• Double View 6 (2000), encre & acrylique sur papier de riz, 99.5x102cm.

• Operation 21.06.1969, (1996), encre de Chine & acrylique sur papier, 171x98cm.

 

Peinture

Le noir et la lumière de l’âme

Gérard Henry

• Double view - Zero (2000), encre & acrylique sur papier de riz, 69x138cm.

Yang Jiechang est né en 1956 à Foshan dans la province de Canton. Il a étudié les Beaux-Arts à l’Académie de Canton avant de s’installer à Paris en 1989. Le taoïsme a profondément influencé son travail et ses peintures sont des méditations sur la sublimation du moi.

Sa technique ? De multiples couches d’encre sur papier de riz pour créer de noirs espaces, à la fois mats et brillants.

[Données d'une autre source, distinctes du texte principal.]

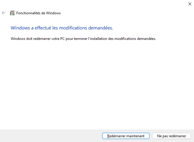 Pour finaliser l'installation, vous devez redémarrer votre PC comme l'indique l'assistant.
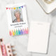 Vertical teacher ID badge personalized with photo, name, grade with colored pencils in fun colors and a printed bunting flag banner in matching colors with patterned details, like stripes, dots, and stars. Colorful teacher ID badge with custom text and ID photo. Personalized kindergarten teacher ID with a fun design with colored pencils in the colors of the rainbow.

Présent à la grande exposition des « Magiciens de la Terre » au Musée national d’Art moderne (1989), Yang Yiechang a depuis, beaucoup exposé, notamment à la Biennale de Shanghaï en 1998, à la foire d’Art contemporain de Chicago en 1999. Son installation Eye of the Storm, 2000, rappelant la violente tempête survenue à Paris cette année-là, a été montrée récemment au sein de l’exposition « Paris pour Escale » au Musée d’Art Moderne de la Ville de Paris.

Le vernissage aura lieu le 31 mai à 17h30, en présence de l’artiste.

« Je suis né le 16 novembre 1956 à Foshan dans la Province de Canton. Foshan est l’un des quatre anciens marchés célèbres de la dynastie Song. Ses sorcières, sa fonderie de bronze et ses ateliers de céramique ont fait sa renommée.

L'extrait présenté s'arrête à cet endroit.